-- Opening Marker --

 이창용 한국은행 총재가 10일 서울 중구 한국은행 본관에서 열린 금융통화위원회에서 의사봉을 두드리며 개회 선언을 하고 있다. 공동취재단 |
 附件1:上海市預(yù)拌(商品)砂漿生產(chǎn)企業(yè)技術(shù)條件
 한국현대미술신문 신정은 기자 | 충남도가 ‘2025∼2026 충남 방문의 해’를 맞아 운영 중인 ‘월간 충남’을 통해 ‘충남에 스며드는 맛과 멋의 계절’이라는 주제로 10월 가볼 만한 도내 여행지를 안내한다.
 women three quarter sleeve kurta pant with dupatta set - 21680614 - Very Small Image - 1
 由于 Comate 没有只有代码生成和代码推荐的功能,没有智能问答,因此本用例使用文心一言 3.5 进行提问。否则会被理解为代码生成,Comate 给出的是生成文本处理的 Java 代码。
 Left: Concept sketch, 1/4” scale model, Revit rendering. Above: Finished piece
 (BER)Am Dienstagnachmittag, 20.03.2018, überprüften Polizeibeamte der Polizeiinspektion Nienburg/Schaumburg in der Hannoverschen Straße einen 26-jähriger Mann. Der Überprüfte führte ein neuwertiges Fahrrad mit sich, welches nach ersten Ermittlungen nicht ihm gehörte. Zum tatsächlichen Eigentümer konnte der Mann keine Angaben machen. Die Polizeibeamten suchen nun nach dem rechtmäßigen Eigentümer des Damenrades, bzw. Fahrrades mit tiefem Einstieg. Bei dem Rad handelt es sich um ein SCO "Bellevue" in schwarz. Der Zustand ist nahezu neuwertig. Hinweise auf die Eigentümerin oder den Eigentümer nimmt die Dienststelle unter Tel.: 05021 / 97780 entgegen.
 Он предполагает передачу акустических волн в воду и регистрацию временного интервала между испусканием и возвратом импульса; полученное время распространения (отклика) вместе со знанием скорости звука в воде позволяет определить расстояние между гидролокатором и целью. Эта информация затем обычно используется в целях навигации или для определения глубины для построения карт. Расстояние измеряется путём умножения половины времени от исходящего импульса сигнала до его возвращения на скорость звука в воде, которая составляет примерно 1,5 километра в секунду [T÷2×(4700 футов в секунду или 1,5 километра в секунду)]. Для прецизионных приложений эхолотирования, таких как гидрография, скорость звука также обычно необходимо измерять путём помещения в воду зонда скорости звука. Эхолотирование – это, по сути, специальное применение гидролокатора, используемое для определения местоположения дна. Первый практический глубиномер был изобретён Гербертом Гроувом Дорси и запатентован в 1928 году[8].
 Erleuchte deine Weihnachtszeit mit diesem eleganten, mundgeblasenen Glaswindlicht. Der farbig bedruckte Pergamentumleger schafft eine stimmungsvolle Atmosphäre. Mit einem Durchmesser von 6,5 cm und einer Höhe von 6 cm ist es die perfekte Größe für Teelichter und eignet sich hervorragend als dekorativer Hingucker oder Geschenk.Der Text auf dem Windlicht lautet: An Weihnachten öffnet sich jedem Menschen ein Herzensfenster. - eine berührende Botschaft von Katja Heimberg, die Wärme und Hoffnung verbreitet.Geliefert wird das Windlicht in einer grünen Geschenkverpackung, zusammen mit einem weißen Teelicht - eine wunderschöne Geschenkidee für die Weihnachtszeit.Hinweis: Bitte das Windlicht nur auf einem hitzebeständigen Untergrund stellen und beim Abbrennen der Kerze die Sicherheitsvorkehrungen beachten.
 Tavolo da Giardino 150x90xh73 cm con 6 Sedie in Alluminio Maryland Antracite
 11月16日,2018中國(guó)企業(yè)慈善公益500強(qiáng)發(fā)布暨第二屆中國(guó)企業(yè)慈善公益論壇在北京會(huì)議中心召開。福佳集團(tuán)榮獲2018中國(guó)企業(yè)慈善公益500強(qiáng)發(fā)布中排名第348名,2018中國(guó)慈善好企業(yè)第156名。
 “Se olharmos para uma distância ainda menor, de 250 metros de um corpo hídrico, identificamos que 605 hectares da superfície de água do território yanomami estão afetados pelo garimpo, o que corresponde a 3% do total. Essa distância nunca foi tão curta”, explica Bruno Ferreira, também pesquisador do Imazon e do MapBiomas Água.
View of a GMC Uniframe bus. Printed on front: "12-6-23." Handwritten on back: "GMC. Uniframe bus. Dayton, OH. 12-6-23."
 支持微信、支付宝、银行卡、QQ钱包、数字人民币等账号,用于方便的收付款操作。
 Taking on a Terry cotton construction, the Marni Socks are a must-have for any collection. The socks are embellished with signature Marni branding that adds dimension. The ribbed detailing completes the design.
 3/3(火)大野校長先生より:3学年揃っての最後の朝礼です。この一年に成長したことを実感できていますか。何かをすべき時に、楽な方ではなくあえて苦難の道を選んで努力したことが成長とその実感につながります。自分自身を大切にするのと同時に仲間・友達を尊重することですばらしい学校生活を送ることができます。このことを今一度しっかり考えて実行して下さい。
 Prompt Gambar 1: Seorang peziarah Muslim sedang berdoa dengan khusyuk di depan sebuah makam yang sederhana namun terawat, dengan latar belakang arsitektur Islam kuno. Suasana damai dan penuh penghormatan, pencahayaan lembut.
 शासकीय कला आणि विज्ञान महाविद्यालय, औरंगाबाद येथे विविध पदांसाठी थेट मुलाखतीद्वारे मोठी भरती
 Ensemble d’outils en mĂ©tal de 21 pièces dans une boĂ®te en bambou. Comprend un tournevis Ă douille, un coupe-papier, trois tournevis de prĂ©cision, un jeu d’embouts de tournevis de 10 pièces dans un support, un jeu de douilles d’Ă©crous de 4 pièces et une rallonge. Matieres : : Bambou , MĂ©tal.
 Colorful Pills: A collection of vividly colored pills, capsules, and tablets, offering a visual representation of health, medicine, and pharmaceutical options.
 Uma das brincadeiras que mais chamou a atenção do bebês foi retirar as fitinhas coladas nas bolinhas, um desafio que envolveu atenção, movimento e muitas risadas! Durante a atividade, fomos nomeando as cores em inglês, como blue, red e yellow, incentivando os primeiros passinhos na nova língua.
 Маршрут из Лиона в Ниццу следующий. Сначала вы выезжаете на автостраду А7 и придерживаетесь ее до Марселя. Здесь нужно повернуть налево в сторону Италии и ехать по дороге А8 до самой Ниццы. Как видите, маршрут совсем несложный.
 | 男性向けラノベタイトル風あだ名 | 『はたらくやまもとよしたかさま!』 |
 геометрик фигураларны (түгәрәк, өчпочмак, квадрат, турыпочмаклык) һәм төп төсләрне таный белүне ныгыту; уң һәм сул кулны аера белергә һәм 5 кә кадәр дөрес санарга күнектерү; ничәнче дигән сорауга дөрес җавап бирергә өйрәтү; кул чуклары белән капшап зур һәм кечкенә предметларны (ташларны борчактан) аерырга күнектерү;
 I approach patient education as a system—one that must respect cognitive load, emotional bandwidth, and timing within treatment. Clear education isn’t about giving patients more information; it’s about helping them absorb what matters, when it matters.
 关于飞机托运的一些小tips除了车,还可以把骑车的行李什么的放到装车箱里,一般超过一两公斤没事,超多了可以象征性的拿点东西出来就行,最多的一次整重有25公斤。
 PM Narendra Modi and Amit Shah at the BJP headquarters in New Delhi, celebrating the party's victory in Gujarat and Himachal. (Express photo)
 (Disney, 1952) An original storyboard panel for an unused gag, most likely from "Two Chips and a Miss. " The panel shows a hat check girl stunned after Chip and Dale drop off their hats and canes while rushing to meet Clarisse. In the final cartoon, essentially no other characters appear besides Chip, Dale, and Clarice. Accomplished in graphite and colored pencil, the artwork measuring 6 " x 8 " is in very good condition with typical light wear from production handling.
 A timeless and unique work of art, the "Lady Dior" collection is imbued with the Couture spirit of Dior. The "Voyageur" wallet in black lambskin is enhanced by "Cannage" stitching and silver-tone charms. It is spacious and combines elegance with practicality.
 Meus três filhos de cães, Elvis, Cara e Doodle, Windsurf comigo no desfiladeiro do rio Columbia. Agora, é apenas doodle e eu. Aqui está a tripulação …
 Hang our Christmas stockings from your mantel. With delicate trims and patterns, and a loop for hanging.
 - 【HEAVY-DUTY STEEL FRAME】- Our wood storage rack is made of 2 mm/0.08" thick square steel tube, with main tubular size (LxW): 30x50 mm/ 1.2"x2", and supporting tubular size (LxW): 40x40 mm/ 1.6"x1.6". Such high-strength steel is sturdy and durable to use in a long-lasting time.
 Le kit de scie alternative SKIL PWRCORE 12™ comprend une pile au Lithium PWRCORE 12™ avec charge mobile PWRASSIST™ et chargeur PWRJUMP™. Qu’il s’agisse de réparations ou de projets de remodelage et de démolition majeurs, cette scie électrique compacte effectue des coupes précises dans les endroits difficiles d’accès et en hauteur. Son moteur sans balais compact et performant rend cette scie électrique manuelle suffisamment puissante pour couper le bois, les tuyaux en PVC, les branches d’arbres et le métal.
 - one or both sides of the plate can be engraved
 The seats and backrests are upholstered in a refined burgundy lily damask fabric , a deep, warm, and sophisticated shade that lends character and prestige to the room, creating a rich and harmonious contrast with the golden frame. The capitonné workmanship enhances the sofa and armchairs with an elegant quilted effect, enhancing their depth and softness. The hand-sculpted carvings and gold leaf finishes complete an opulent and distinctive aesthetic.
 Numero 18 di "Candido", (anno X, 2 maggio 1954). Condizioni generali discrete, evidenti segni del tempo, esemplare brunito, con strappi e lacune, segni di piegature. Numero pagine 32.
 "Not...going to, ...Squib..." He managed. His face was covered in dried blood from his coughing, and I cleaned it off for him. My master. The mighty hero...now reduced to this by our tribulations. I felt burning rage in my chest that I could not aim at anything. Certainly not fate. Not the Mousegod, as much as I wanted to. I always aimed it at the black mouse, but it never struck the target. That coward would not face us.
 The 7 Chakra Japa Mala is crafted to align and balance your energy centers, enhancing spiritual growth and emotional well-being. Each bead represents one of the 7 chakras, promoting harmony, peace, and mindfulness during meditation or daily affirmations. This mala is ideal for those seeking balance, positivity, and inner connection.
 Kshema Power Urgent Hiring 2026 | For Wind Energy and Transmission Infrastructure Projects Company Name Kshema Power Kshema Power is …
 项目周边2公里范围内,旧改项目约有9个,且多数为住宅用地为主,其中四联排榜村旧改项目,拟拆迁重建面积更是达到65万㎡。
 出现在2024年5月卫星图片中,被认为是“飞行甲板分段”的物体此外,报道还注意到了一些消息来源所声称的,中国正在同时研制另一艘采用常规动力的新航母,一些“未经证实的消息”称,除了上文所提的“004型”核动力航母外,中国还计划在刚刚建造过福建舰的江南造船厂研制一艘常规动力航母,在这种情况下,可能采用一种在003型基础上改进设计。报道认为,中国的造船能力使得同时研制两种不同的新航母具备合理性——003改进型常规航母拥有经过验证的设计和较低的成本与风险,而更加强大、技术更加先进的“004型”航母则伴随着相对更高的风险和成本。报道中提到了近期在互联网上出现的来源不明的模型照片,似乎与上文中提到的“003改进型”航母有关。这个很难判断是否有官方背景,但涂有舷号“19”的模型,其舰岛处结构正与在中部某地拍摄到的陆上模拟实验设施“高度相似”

-- Closing Marker --

— EXERCISE —
Would you please copy all lines in the data that contain the word "your"?

— RESULT OF THE EXERCISE —
 Hang our Christmas stockings from your mantel. With delicate trims and patterns, and a loop for hanging.
 The 7 Chakra Japa Mala is crafted to align and balance your energy centers, enhancing spiritual growth and emotional well-being. Each bead represents one of the 7 chakras, promoting harmony, peace, and mindfulness during meditation or daily affirmations. This mala is ideal for those seeking balance, positivity, and inner connection.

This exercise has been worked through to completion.